Am Montag haben in Regensburg die ersten Arbeiten für das Verkehrsbauprojekt „Nordspange“ begonnen. Für den geplanten Ausbau der Nordgaustraße wurden Probebohrungen durchgeführt, um das Erdreich zu untersuchen. Diese Untersuchungen sollen voraussichtlich bis Anfang März andauern und wichtige Erkenntnisse für die geplanten Lärmschutzmaßnahmen liefern.
Ein weiterer Bestandteil der Nordspange ist der Neubau der Sallerner Regenbrücke. Diese soll künftig vierspurig verlaufen und den Verkehr im Norden der Stadt entlasten.
Gleichzeitig regt sich deutlicher Widerstand in der Bevölkerung. Zum Auftakt der Bohrungen rief die Grüne Jugend Regensburg gemeinsam mit Vertretern von ÖDP, Volt, Die Linke und den Grünen zu einer Mahnwache gegen das Projekt auf. Aus ihrer Sicht sei das Vorhaben nicht mehr zeitgemäß und habe langfristige Auswirkungen auf Stadt und Region. Zudem kritisieren die Gegner die hohen Kosten des Projekts.

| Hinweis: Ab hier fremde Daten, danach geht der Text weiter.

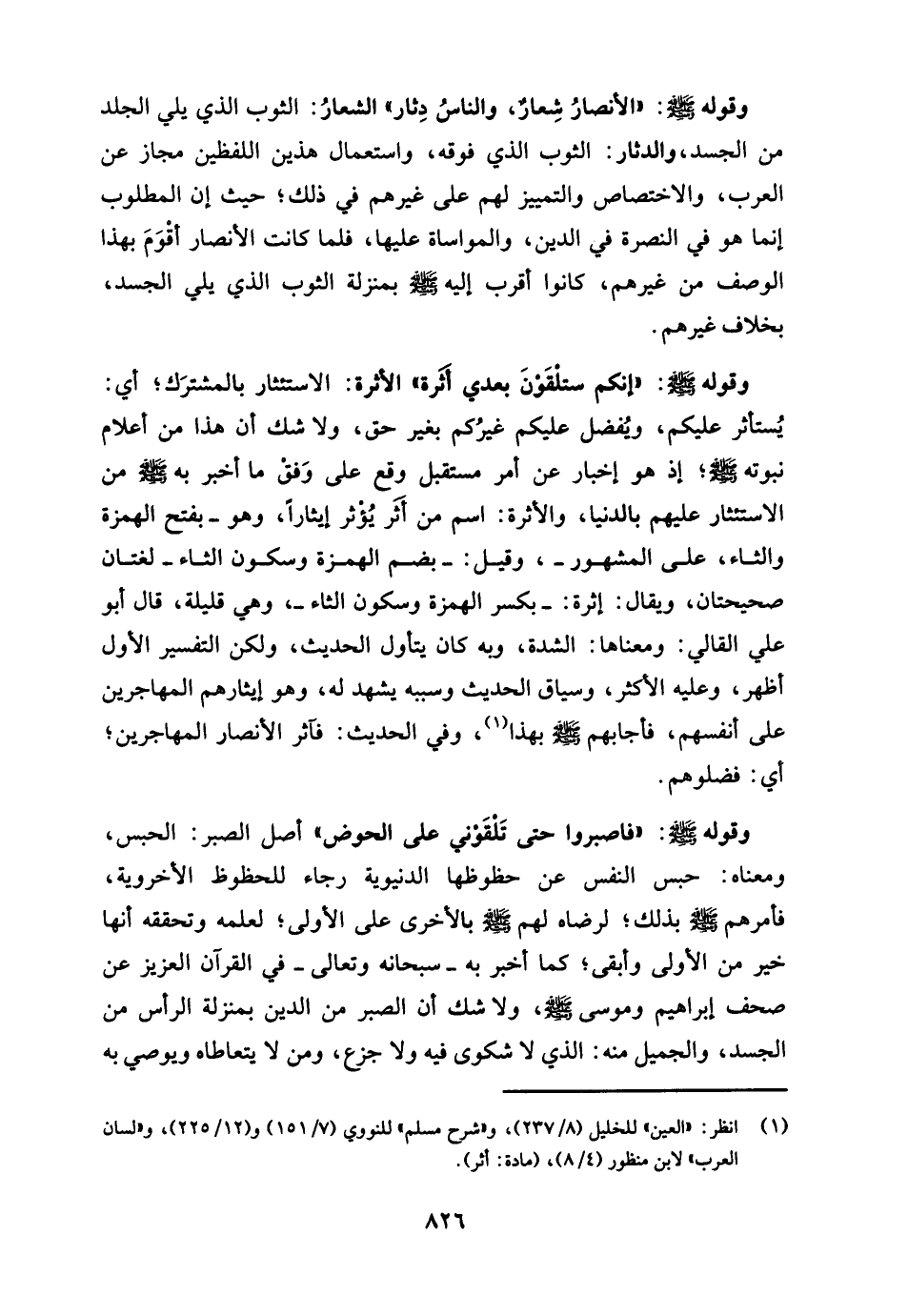 وقوله - صلى الله عليه وسلم -: "الأنصارُ شِعارٌ، والنَّاسُ دِثار" الشعارُ: الثوب الَّذي يلي الجلد من الجسد، والدثار: الثوب الَّذي فوقه، واستعمال هذين اللفظين مجاز عن العرب، والاختصاص والتمييز لهم على غيرهم في ذلك؛ حيث إن المطلوب إنما هو في النصرة في الدين، والمواساة عليها، فلما كانت الأنصار أقْوَمَ بهذا الوصف من غيرهم، كانوا أقرب إليه - صلى الله عليه وسلم - بمنزلة الثوب الَّذي يلي الجسد، بخلاف غيرهم.

Die Gegner der Sallerner Regenbrücke sammeln derzeit Unterschriften für ein Bürgerbegehren, das den Bau stoppen soll. Von den 6.000 benötigten Unterschriften seien bereits rund 4.600 zusammengekommen – ein deutliches Zeichen, dass das Projekt in Regensburg weiter für Diskussionen sorgt.